*** Opening of SUPPLIED RECORDS ***

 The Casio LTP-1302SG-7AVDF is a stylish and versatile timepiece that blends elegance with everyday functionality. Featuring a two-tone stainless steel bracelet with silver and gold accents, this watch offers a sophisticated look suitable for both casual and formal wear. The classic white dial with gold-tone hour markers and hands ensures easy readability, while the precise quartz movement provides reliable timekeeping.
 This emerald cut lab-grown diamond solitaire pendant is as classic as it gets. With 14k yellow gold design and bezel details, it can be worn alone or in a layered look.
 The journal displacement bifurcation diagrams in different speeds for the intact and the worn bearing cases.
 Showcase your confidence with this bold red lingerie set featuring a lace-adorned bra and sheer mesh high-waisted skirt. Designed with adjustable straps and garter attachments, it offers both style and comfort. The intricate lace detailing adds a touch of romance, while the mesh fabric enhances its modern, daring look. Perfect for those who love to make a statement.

*** Close of SUPPLIED RECORDS ***
*** Opening of SUPPLIED RECORDS ***

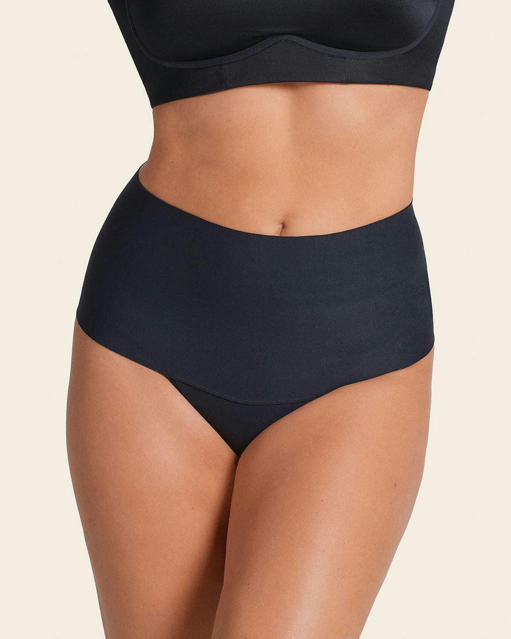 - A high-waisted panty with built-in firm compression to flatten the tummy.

*** Close of SUPPLIED RECORDS ***

◆ TASK PROMPT
Produce only the lines from the line containing "This emerald cut" through the line containing "The journal displacement", inclusive of both, exactly as they stand in the entries above.

◆ RESULT
 This emerald cut lab-grown diamond solitaire pendant is as classic as it gets. With 14k yellow gold design and bezel details, it can be worn alone or in a layered look.
 The journal displacement bifurcation diagrams in different speeds for the intact and the worn bearing cases.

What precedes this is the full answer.